Unless otherwise agreed in writing, any delivery time indicated in the offer is not binding on the Seller. Unless otherwise agreed between the parties, the indicative delivery term is that specified in the Pro-forma Invoice. Therefore, the delivery term calculated in weeks or working days or on precise calendar dates, as indicated in the Pro-forma Invoice, is never binding for the Seller and must therefore be considered merely indicative and not essential. The Seller reserves the right to reasonably make partial deliveries. Under no circumstances may Fidovet be held responsible for any damages, even indirect and/or of any nature, that may arise to the Buyer as a result of failure to deliver the products within the terms indicated; nor will any such delays or advances in delivery authorize cancellations or modifications of orders or delays in payments by the Buyer. Any liability for delivery arising from force majeure or other unforeseeable events not attributable to the Seller, including without any limitation strikes, lockouts, provisions of the public administration, subsequent blocks of export or import possibilities, in consideration of their duration and scope, release the Seller from the obligation to respect any agreed delivery deadline. The Seller is not obliged to accept returns of products, unless expressly agreed in writing. Any costs incurred for this purpose are the responsibility of the Buyer. From the moment of receipt of the notice of goods ready or being delivered, the Buyer will no longer be able to request the modification of the goods on order (both in type and quantity) and/or the postponement of delivery to another date.

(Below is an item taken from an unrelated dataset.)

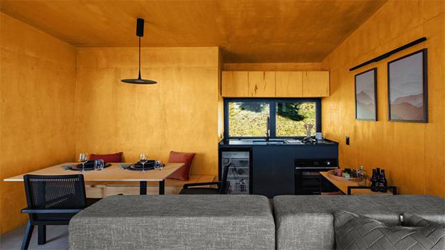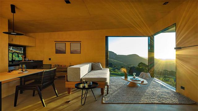 借景的核心,是打破室内外的边界感,让空间与自然产生对话。这组山地度假民宿的设计,就把这一点做到了极致。建筑采用悬挑式结构,大面积的落地玻璃与无框转角窗,将连绵的山景、澄澈的天光直接框入室内。在客房中,床榻正对全景玻璃窗,清晨的第一缕阳光会随着山势的轮廓洒进房间,黄昏的落日则会把墙面染成暖金色。这种设计并非简单的开大窗,而是公装设计中对空间轴线、观景视角的精准把控——公装团队在前期规划时,就会根据建筑的朝向、周边景观的层次,确定窗户的位置、大小与开启方式,让住客在室内的核心活动区,都能拥有无遮挡的观景视野。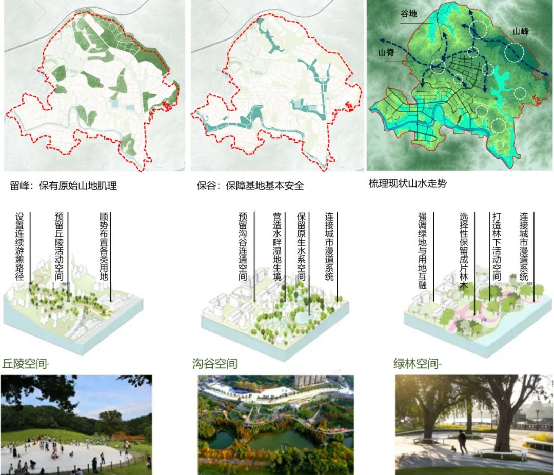 梳理与提取山峰、谷底、山脊等自然地形走势,适当保留山峰与山脊线区域,突出德化丘陵特色风貌。针对自然要素的特质,提出化景成园的处理手法,将场地中丘陵、沟壑、林地等特色地貌形态,转变为聚集活力要素的核心场所。

8)Duty of Inspection and Acceptance of Products.

Upon taking delivery of the Products, the Buyer must immediately:

  • Check the quantities and packaging of the packages and note any dispute in the delivery note, having it countersigned by the transporter who is required to verify the unloaded material together with the Buyer.
  • Check the quantity and packaging of the products contained within the packages. If this verification, due to issues of time and quantities of products delivered, is not reasonably possible immediately, the Buyer must nevertheless verify the quantities of the products delivered, the packaging and the correctness of the color and any other characteristic of the products in the shortest time possible and in any case no later than 7 days from taking delivery of the products, communicating any disputes in writing to the Seller within the working day following the verification;
  • Carry out a conformity check of the Products with respect to what is indicated in the Pro-forma Invoice within 7 days of taking delivery of the products and record any discrepancies in the delivery note.  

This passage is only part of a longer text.